Posted Mar 21, 2024 14:36 UTC (Thu) by wittenberg (subscriber, #4473) [Link] (2 responses)

Several models have been described as "not sustainable for Free Software". This leads to the obvious question: What model is sustainable for free software"? There are many companies which make a living developing free software. Many of them do a lot of the heavy lifting for important projects. Is there a model in which they can continue to release free software and continue to make a living? Not everyone can afford to donate their labor. It's important for all of us for those companies to be able to make a reasonable living.

--David

Redis is no longer free software

Posted Mar 21, 2024 15:46 UTC (Thu) by mogul (guest, #3163) [Link]

Companies that offer support, consulting, and prioritized feature development for paying customers seem to do well. See for example Postgres.

Redis is no longer free software

Posted Mar 22, 2024 3:50 UTC (Fri) by timrichardson (subscriber, #72836) [Link]

It is partly the model, and partly the context, I think. There are definitely sustainable open source projects. I would be surprised if you could predict their success from the exact model or licence, but I am quite confident that you could predict their success quite well from the context. By definition, a sustainable open source project has a broad base of unrelated contributors, so any model that doesn't support that won't work but I am not sure about the causal relationship. Models that encourage many developers and reduce the power of individuals or for-profit entities may simply be the outcome of sustainable projects that had no grand ideas about models.

As to why sustainable open source projects exist at large scale with commercial, for-profit contributors: the answer is pretty simple. It makes financial sense for them to contribute: if the software does not have a lot of added value (such as an in-memory database that your end users have never heard of) why pay $100 of developer time to reimplement it when all you need to is to pay $1 to fix a bug or $10 to add a new feature? When lots of contributors make the same decision, you have a sustainable open source project, although it's hard to see this making any one very rich. From the point of view of the Redis investors, they can't be worse off going proprietary, so why not?

Redis might turn out to be pretty generic and it might not be worth very much to people like me, who use it. You can run Windows servers in AWS, but who does?
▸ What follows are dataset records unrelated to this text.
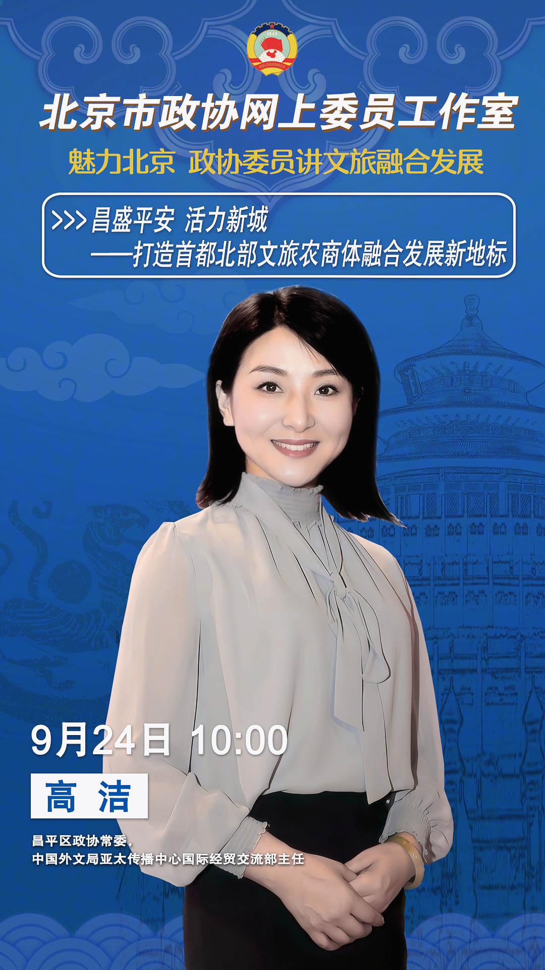 2025年9月24日(周三)上午10:00,北京市政协网上委员工作室“魅力北京 政协委员讲文旅融合发展”第九讲将准时与您见面。昌平区政协常委,中国外文局亚太传播中心国际经贸交流部主任高洁以“昌盛平安 活力新城——打造首都北部文旅农商体融合发展新地标”为题开讲。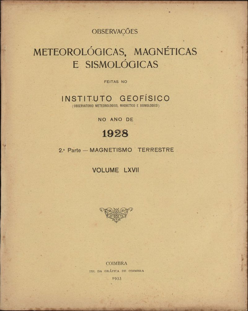 Observações meteorológicas, magnéticas e sismológicas feitas no Observatório Meteorológico e Magnético de Coimbra - 1928-2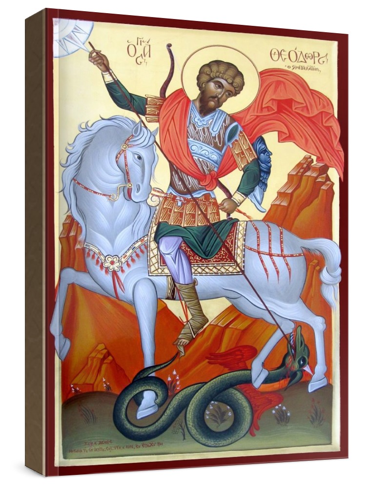 Феодор стратилат (икона на дереве). Икона на заказ. Срок изготовления - 5-14 дней. Изображение нанесено на основу из натурального хвойного дерева методом прямой печати (не полиграфия). Деревянная основа иконы подвержена искусственному старению. Лик покрыт специальным лаком, что защищает икону от воздействий окружающей среды и обеспечивает хранение иконы в первозданном виде в течение нескольких десятилетий. Цена зависит от размера иконы (высота может незначительно отличаться от указанной величины в связи с точным соблюдением пропорций оригинала): 10x13*- 1500 руб. 30x40 - 5000 руб. 60x80 - 15000 руб. 15x18 - 2250 руб. 40x60 - 8000 руб. 80x120 - 20000 руб. 20x25 - 3000 руб. * - изготовление иконы 10х13 см возможно только при заказе от 3 шт.

But I guess for the investors there is not much else to try, now that they have learnt that you can't beat AWS at hosting.

Redis is no longer free software

Posted Mar 21, 2024 15:25 UTC (Thu) by paulj (subscriber, #341) [Link]
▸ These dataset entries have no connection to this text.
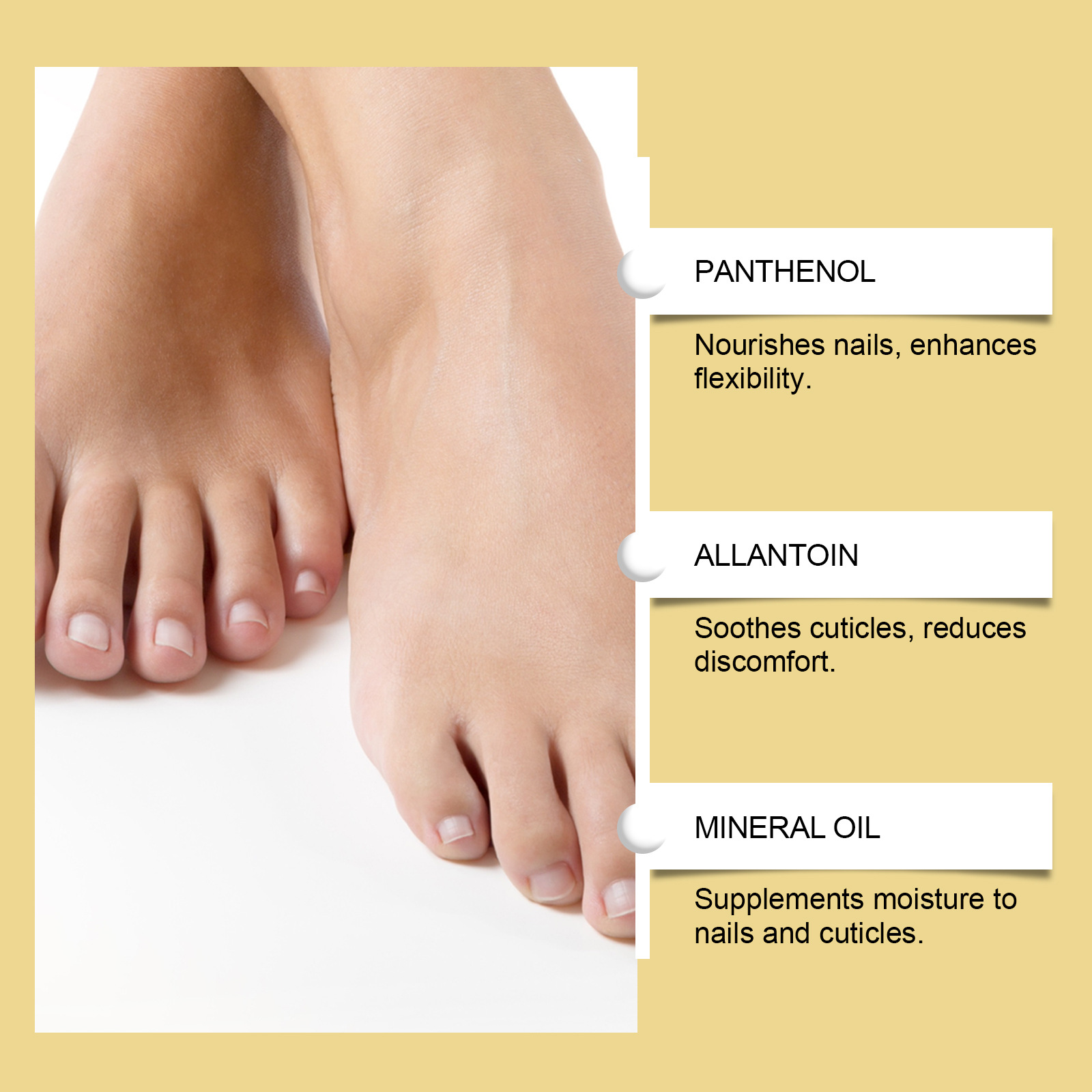 Active ingredients: Tocopherol (Vitamin E), allantoin, garlic bulb extract, kochia fruit extract, cnidium fruit extract, tea tree oil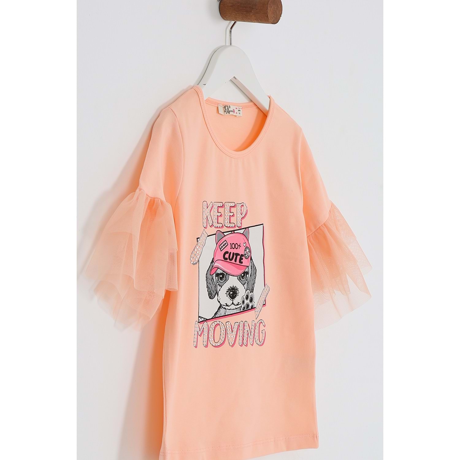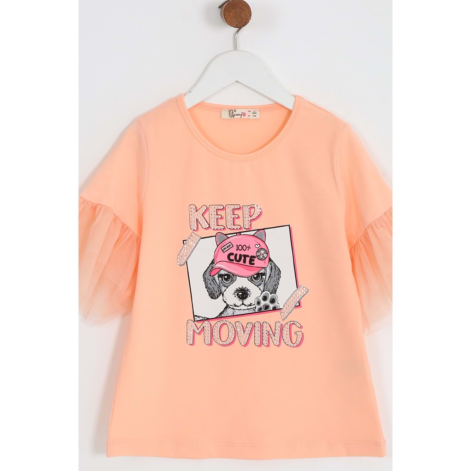 Kız Çocuk Tişört Şirin Köpek Baskılı - Yavruağzı (116-140)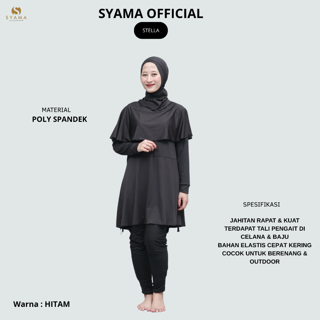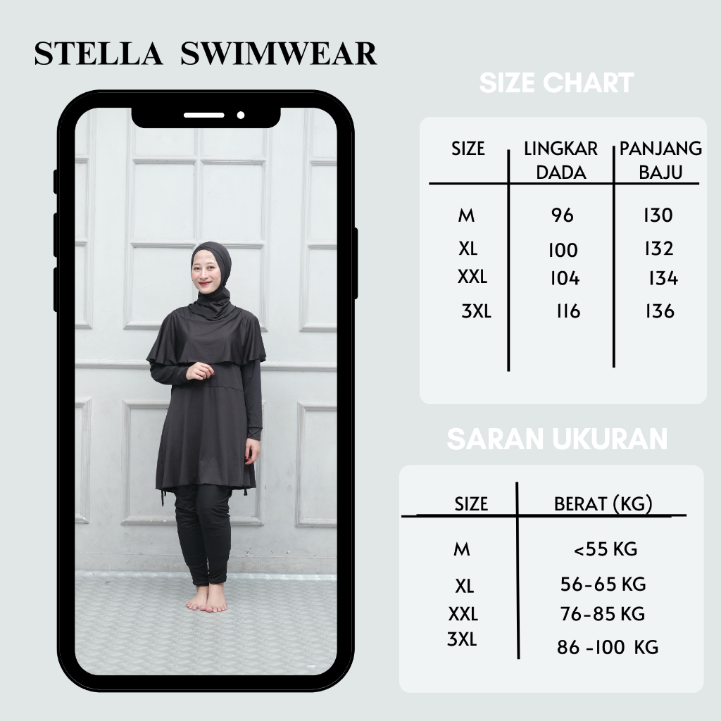 BAJU RENANG MUSLIMAH STELLA SATU SET KERUDUNG - BAHAN CEPAT KERING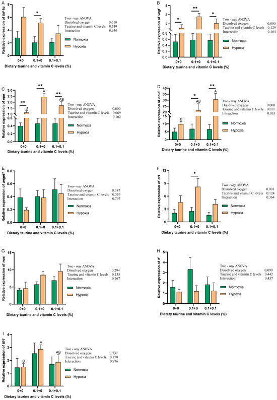 Relative expression levels of mRNA of hypoxia genes of gibel carp fed graded dietary of taurine and vitamin C in normoxia for 8 weeks and hypoxia for 12 h. Data with different superscript letters are significantly different (p < 0.05); the hypoxic data were labeled with an upper case “AB”, “*” indicates a significant difference (p < 0.05) and “**” indicates a significant difference (p < 0.01) between values of 0.8 mg/L and 6.5 mg/L dissolved oxygen as determined by t-test. (A) hif-1α, hypoxia-inducible factor 1-α; (B) vegf, vascular endothelial growth factor; (C) epo, erythropoietin; (D) ho-1, heme oxygenase-1; (E) angpt1, angiopoietin-1; (F) et1, endothelin 1; (G) nos, nitric oxide synthase; (H) tf, transferrin; (I) tfr1, transferrin receptor protein 1.

I'm kind of assuming that Redis Labs/Ltd. came into existence to directly support the author of the Redis software - though, he's no longer with them it seems - and continues to support all, or at least the bulk of, Redis developers.

But even if that assumption is incorrect, and Redis Ltd/Labs itself is also taking advantage of the software devs, my question still applies generally: What is the correct structure - legal entity and licence wise - to support the developers of some Free Software.

(I myself once worked for a 501.3c that had - I /thought/ - been setup to support the Free Software I helped maintain; but only for about 6 months - and now I think that kind of structure is not really ethical, and certainly at risk from perverse motivations and conflicts of interest).